Finalement, nos analyses concernant la dépendance tabagique parmi les fumeurs quotidiens ont permis de confirmer l’association entre la dépendance et d’une part, la précarité du contrat de travail et dépendance tabagique parmi les femmes (OR=1,50), d’autre part le caractère physiquement fatigant du travail chez les hommes (OR=1,64, une tendance similaire étant observée pour la fatigue psychologique).

Cependant, les limites de ce travail sont nombreuses. La principale provient du caractère transversal de l’enquête, qui ne permet pas de conclure que les conditions de travail et leur appréciation causent l’abus d’alcool et le tabagisme quotidien. Les études faites en population adolescente ou auprès des jeunes adultes montrent en effet à l’envi que ces usages peuvent s’établir à l’adolescence ou au début de la vie d’adulte, et donc précéder l’entrée dans la vie professionnelle, voire y exercer une influence délétère.

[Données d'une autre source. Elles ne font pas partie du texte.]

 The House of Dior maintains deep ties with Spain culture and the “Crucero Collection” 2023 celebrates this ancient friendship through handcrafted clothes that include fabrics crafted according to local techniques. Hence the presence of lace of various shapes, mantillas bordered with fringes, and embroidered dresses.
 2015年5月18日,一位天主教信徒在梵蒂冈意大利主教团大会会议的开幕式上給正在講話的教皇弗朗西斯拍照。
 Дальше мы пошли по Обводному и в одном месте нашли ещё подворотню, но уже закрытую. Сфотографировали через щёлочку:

La littérature sur les effets de la consommation d’alcool ou de tabac sur les performances scolaires et la poursuite d’études est en effet abondante et ses résultats sans appel dès que les usages étudiés sont soit intensifs, soit précoces (Rodney, Rodney, Crafter et al., 1999; Aertgeerts et Buntinx, 2002; Chatterji, 2005; Legleye et al., 2009b). C’est pourquoi nous avons également tâché de vérifier si les facteurs professionnels étudiés pouvaient, parmi les fumeurs quotidiens, être des éléments contribuant à l’intensité du tabagisme (envisagé ici comme un élément de dépendance) ; la réponse étant positive, il semble que nos résultats ne reflètent pas uniquement de l’influence du tabagisme sur les possibilités professionnelles mais bien une relation réciproque au moins dans une certaine mesure. Ces résultats concordent avec ceux d'une étude populationnelle montrant que les conditions de travail pénibles favorisent l'initiation de la consommation tabagique, essentiellement à l'âge de jeune adulte (Chau, Choquet, Falissard et al., 2009).

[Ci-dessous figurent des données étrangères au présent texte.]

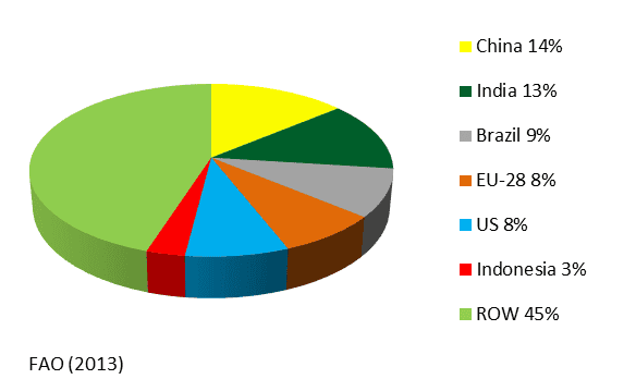 Data of global agricultural GHG emissions issued by FAO (2013) shows (Figure 11) that the main contributors of global agricultural GHG are the agriculture of China (14 percent), India (13 percent), Brazil (9 percent), the European Union (8 percent) and the US (8 percent). The five countries contribute 52 percent of total agricultural GHG emissions.
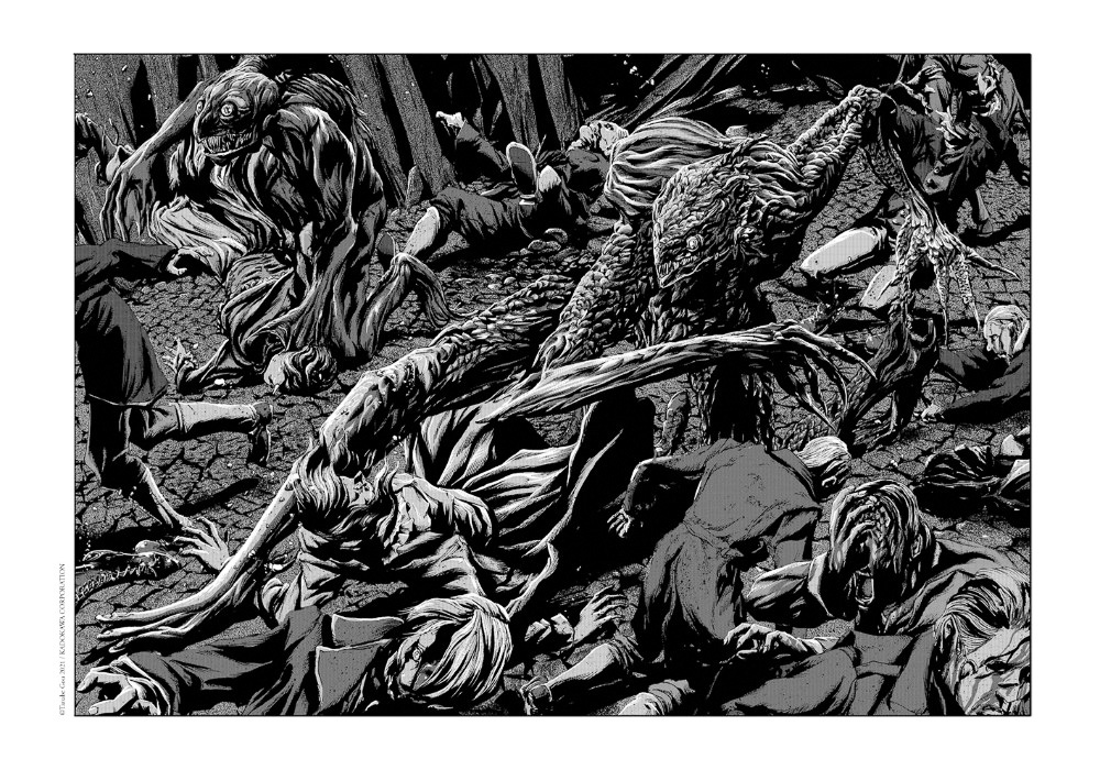 De son trait sombre et réaliste reconnaissable entre tous, Gou Tanabe met en images les pires cauchemars imaginés par H. P. Lovecraft, le maître du fantastique et de l’horreur. Aux frontières des mondes, les protagonistes mènent une lutte sans espoir pour ne pas sombrer dans la folie !”

La seconde limite importante tient au caractère très général de la description des conditions de travail et de son appréciation par les répondants. Le questionnaire du Baromètre santé ne proposait pas en effet de questionnaire standardisé détaillé tel qu’on peut en trouver dans les études spécialisées dans le domaine de la santé au travail. Ce handicap est compensé par la possibilité étendue de comparaison entre les catégories professionnelles : chacun, cadre supérieur comme ouvrier, peut porter un jugement général sur son travail et son caractère fatigant, alors qu’un questionnaire portant sur les conditions précises du travail les aurait limitées (un cadre ne porte généralement pas de charges lourdes et n’est généralement pas exposé à du bruit ou à de la poussière comme l’est un ouvrier). C’est donc la dimension subjective que nous avions choisi de mettre en avant.

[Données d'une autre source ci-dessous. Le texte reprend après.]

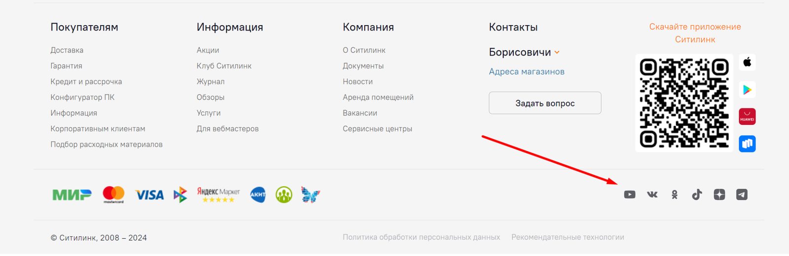 Социальные сети — это мощный инструмент взаимодействия с аудиторией за пределами сайта. Иконки с активными ссылками на страницы и каналы компании в Одноклассниках, ВК, YouTube, Telegram помогают пользователям продолжить взаимодействие с брендом и следить за его новостями.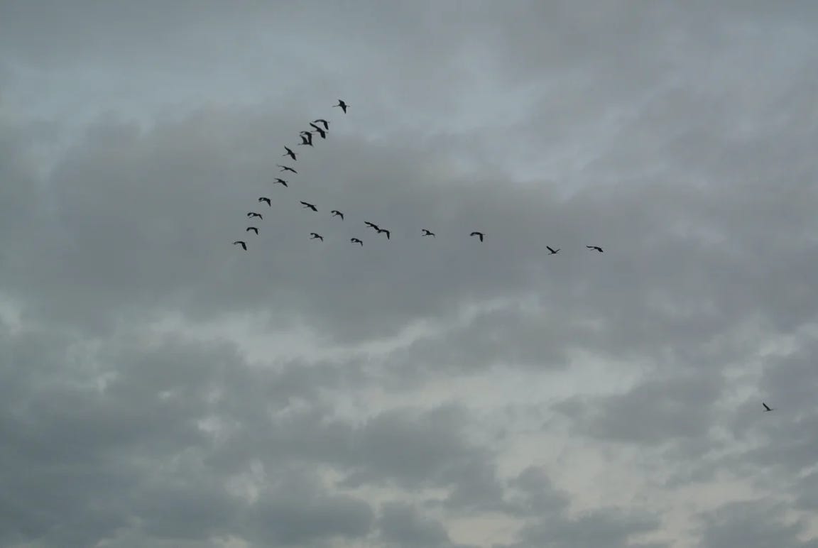 Die Flugformationen sind einzigartig. Hier sehen Sie eine Kranichformation im Oktober.
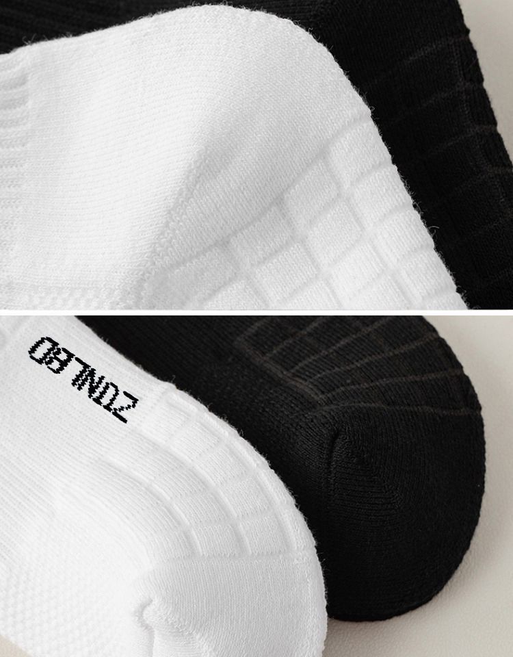 春夏の男女兼用ソックス、ミッドチューブタオル底厚手の純綿ミッドチューブスポーツソックス、黒と白の吸汗消臭バスケットボールソックス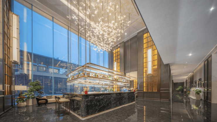 ①在生活营造层面,越秀·天悦江湾展现出越秀地产第一梯队的追求。约2600㎡酒店级会所与约1200㎡下沉庭院构成双核配套体系。前者通过健身房、双私宴厅、业主餐厅等定制化服务,重构社区社交场景;后者以“水晶流瀑+镜面水境”的立体景观,搭配从江苏全冠移植而来的精品丛生乌桕,打造出郑州罕见的沉浸式自然剧场。这种将公共空间转化为“生活发生器”的思维,正是营造美好社区生活的具象化表达。
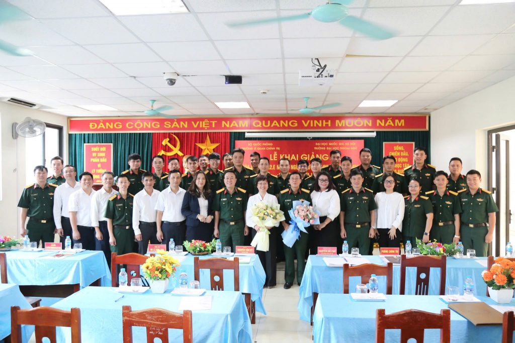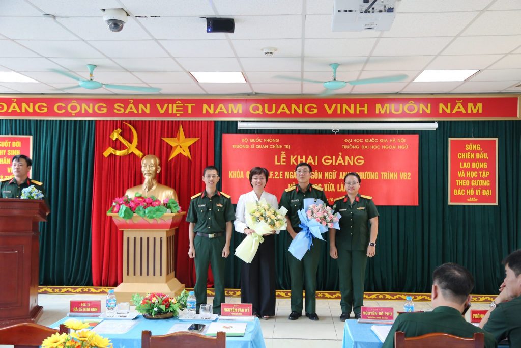 Dự lễ Khai giảng có đồng chí Đại tá, TS. Nguyễn Văn Kỷ, Phó Hiệu trưởng Trường Đại học Chính trị; đồng chí PGS, TS Hà Lê Kim Anh, Phó Hiệu trưởng Trường Đại học Ngoại ngữ – Đại học Quốc gia Hà Nội. Tham dự Lễ Khai giảng còn có đại biểu cán bộ, giảng viên của hai Nhà trường và 32 học viên trúng tuyển lớp đào tạo Văn bằng 2 ngành ngôn ngữ Anh hệ vừa làm vừa học năm 2024.
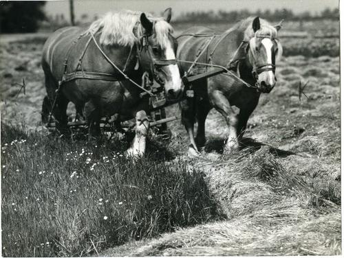 Foto in zwart-wit van twee Belgische paarden voor ee...

Une autre limite est liée à un éventuel défaut de représentativité induit par l’exclusion des personnes détentrices exclusives d’un téléphone portable. Toutefois, cette population ne représentait que 14% de la population générale en 2005 et de plus, il est peu probable que les associations y aient été de sens différents. En fait, cette population est plus jeune et moins souvent très diplômée, et elle présente des consommation de tabac et d’alcool sont plus élevées que la moyenne (Beck, Legleye et Spilka, 2007) : il est donc probable que le biais induit par l’exclusion des téléphones mobiles diminue la magnitude des résultats observés ici.

Une limite statistique est enfin à mentionner : le recours à des analyses stratifiées par âge pour la réalisation des graphiques ne garantit pas la comparabilité des OR mesurés sur les différentes strates, même en cas d’utilisation d’un unique modèle (Mood, 2010). Il eut été possible de circonvenir ce problème par le recours à une modélisation sur tout l’échantillon en incluant des interactions entre la tranche d’âge et les variables professionnelles d’intérêt et par l’utilisation de contrastes. Nous y avons renoncé pour l’analyse stratifiée classique, qui est la norme en épidémiologie, de façon à ne pas ajouter de complexité à notre propos.